* **WHAT TO WORK ON**
Without the pictures, reproduce the entries below exactly.
--- DATA SUPPLIED ---
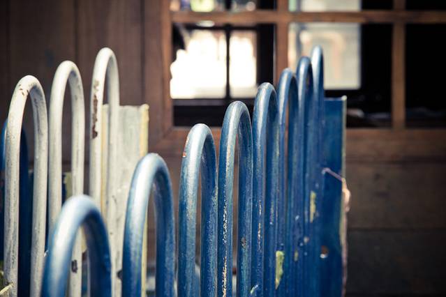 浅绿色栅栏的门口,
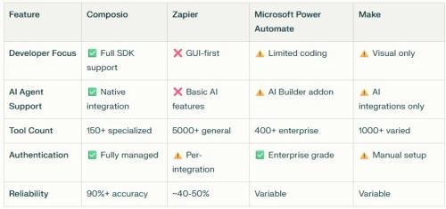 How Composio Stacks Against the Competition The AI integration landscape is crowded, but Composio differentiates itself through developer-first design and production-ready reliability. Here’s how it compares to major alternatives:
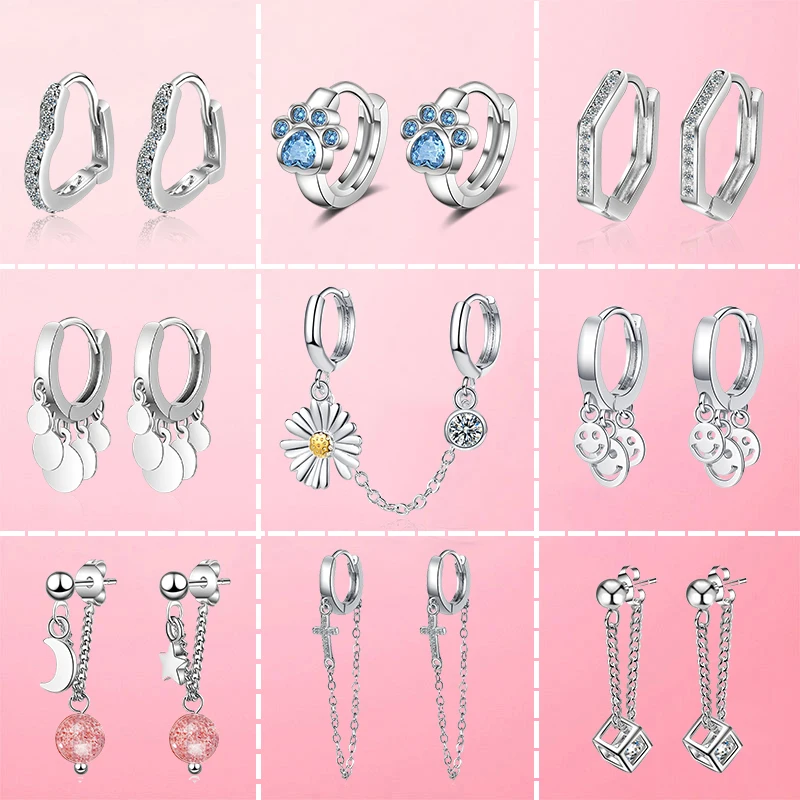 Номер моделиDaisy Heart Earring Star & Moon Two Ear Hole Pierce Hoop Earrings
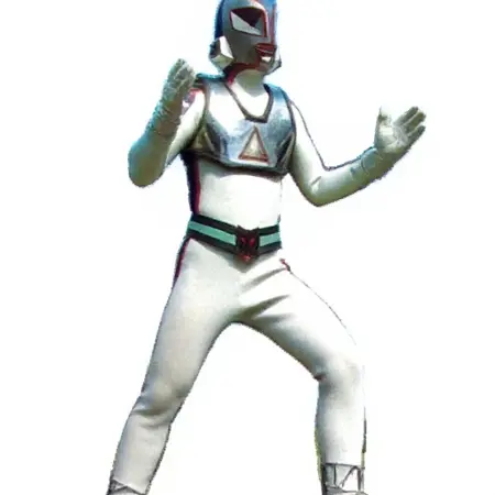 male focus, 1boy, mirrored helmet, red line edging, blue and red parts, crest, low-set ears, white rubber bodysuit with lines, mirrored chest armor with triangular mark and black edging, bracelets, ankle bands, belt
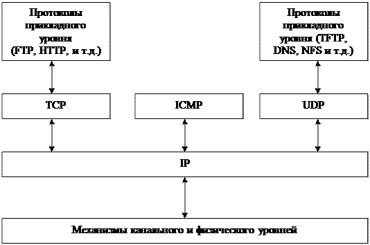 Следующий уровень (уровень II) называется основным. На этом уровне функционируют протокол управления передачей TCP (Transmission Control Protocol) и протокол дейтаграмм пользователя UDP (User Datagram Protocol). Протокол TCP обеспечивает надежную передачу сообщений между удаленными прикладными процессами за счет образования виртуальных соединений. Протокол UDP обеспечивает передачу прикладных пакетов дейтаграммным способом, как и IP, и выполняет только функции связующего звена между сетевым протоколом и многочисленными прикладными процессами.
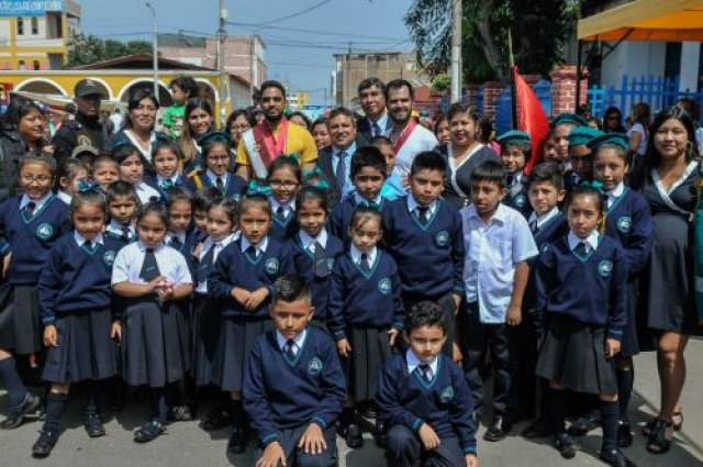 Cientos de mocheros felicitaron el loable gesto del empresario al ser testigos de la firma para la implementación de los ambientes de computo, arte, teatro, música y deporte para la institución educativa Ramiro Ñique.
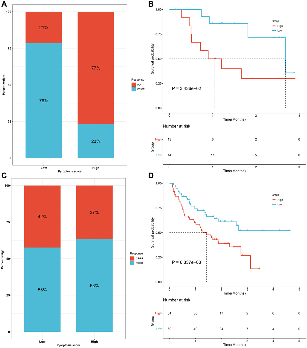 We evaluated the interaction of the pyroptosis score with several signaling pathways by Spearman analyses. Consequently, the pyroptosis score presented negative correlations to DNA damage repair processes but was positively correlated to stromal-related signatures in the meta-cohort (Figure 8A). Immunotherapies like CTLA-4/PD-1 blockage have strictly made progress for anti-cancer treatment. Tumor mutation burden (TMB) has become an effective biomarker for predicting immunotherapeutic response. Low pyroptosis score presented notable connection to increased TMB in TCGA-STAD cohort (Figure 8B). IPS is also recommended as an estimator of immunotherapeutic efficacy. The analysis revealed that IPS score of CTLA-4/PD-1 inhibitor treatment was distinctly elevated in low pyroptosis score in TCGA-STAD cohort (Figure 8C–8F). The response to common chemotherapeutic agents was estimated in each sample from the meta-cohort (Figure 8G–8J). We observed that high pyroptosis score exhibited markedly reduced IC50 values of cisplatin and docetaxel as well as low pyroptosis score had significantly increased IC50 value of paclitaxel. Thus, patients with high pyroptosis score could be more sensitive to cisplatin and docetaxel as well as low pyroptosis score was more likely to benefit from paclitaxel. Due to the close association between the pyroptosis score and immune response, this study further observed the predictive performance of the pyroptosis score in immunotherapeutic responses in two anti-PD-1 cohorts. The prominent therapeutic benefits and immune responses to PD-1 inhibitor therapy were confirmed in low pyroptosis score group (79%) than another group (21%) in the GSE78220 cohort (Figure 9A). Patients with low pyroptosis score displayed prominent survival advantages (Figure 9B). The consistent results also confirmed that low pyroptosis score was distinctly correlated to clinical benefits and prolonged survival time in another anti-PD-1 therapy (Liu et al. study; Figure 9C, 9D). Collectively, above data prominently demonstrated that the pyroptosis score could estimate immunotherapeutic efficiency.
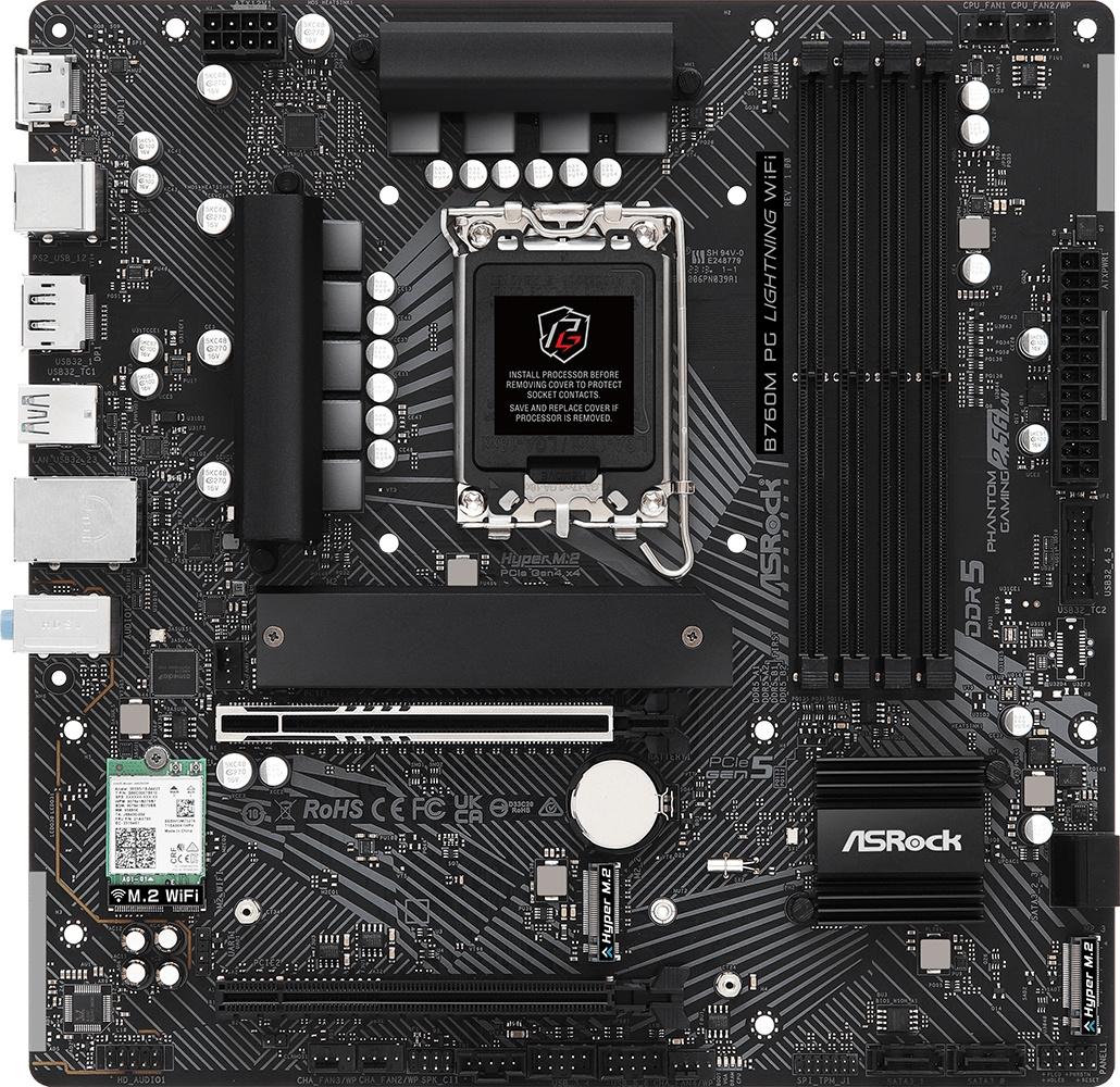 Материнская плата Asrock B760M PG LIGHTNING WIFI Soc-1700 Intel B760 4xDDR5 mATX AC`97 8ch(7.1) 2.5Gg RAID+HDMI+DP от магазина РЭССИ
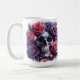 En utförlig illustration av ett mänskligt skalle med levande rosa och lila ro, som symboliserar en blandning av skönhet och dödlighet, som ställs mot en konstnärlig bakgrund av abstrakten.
---
* **RESULT FOR THIS EXERCISE**
 浅绿色栅栏的门口,
 How Composio Stacks Against the Competition The AI integration landscape is crowded, but Composio differentiates itself through developer-first design and production-ready reliability. Here’s how it compares to major alternatives:
 Номер моделиDaisy Heart Earring Star & Moon Two Ear Hole Pierce Hoop Earrings
 male focus, 1boy, mirrored helmet, red line edging, blue and red parts, crest, low-set ears, white rubber bodysuit with lines, mirrored chest armor with triangular mark and black edging, bracelets, ankle bands, belt
 Следующий уровень (уровень II) называется основным. На этом уровне функционируют протокол управления передачей TCP (Transmission Control Protocol) и протокол дейтаграмм пользователя UDP (User Datagram Protocol). Протокол TCP обеспечивает надежную передачу сообщений между удаленными прикладными процессами за счет образования виртуальных соединений. Протокол UDP обеспечивает передачу прикладных пакетов дейтаграммным способом, как и IP, и выполняет только функции связующего звена между сетевым протоколом и многочисленными прикладными процессами.
 Cientos de mocheros felicitaron el loable gesto del empresario al ser testigos de la firma para la implementación de los ambientes de computo, arte, teatro, música y deporte para la institución educativa Ramiro Ñique.
 We evaluated the interaction of the pyroptosis score with several signaling pathways by Spearman analyses. Consequently, the pyroptosis score presented negative correlations to DNA damage repair processes but was positively correlated to stromal-related signatures in the meta-cohort (Figure 8A). Immunotherapies like CTLA-4/PD-1 blockage have strictly made progress for anti-cancer treatment. Tumor mutation burden (TMB) has become an effective biomarker for predicting immunotherapeutic response. Low pyroptosis score presented notable connection to increased TMB in TCGA-STAD cohort (Figure 8B). IPS is also recommended as an estimator of immunotherapeutic efficacy. The analysis revealed that IPS score of CTLA-4/PD-1 inhibitor treatment was distinctly elevated in low pyroptosis score in TCGA-STAD cohort (Figure 8C–8F). The response to common chemotherapeutic agents was estimated in each sample from the meta-cohort (Figure 8G–8J). We observed that high pyroptosis score exhibited markedly reduced IC50 values of cisplatin and docetaxel as well as low pyroptosis score had significantly increased IC50 value of paclitaxel. Thus, patients with high pyroptosis score could be more sensitive to cisplatin and docetaxel as well as low pyroptosis score was more likely to benefit from paclitaxel. Due to the close association between the pyroptosis score and immune response, this study further observed the predictive performance of the pyroptosis score in immunotherapeutic responses in two anti-PD-1 cohorts. The prominent therapeutic benefits and immune responses to PD-1 inhibitor therapy were confirmed in low pyroptosis score group (79%) than another group (21%) in the GSE78220 cohort (Figure 9A). Patients with low pyroptosis score displayed prominent survival advantages (Figure 9B). The consistent results also confirmed that low pyroptosis score was distinctly correlated to clinical benefits and prolonged survival time in another anti-PD-1 therapy (Liu et al. study; Figure 9C, 9D). Collectively, above data prominently demonstrated that the pyroptosis score could estimate immunotherapeutic efficiency.
 Материнская плата Asrock B760M PG LIGHTNING WIFI Soc-1700 Intel B760 4xDDR5 mATX AC`97 8ch(7.1) 2.5Gg RAID+HDMI+DP от магазина РЭССИ
 En utförlig illustration av ett mänskligt skalle med levande rosa och lila ro, som symboliserar en blandning av skönhet och dödlighet, som ställs mot en konstnärlig bakgrund av abstrakten.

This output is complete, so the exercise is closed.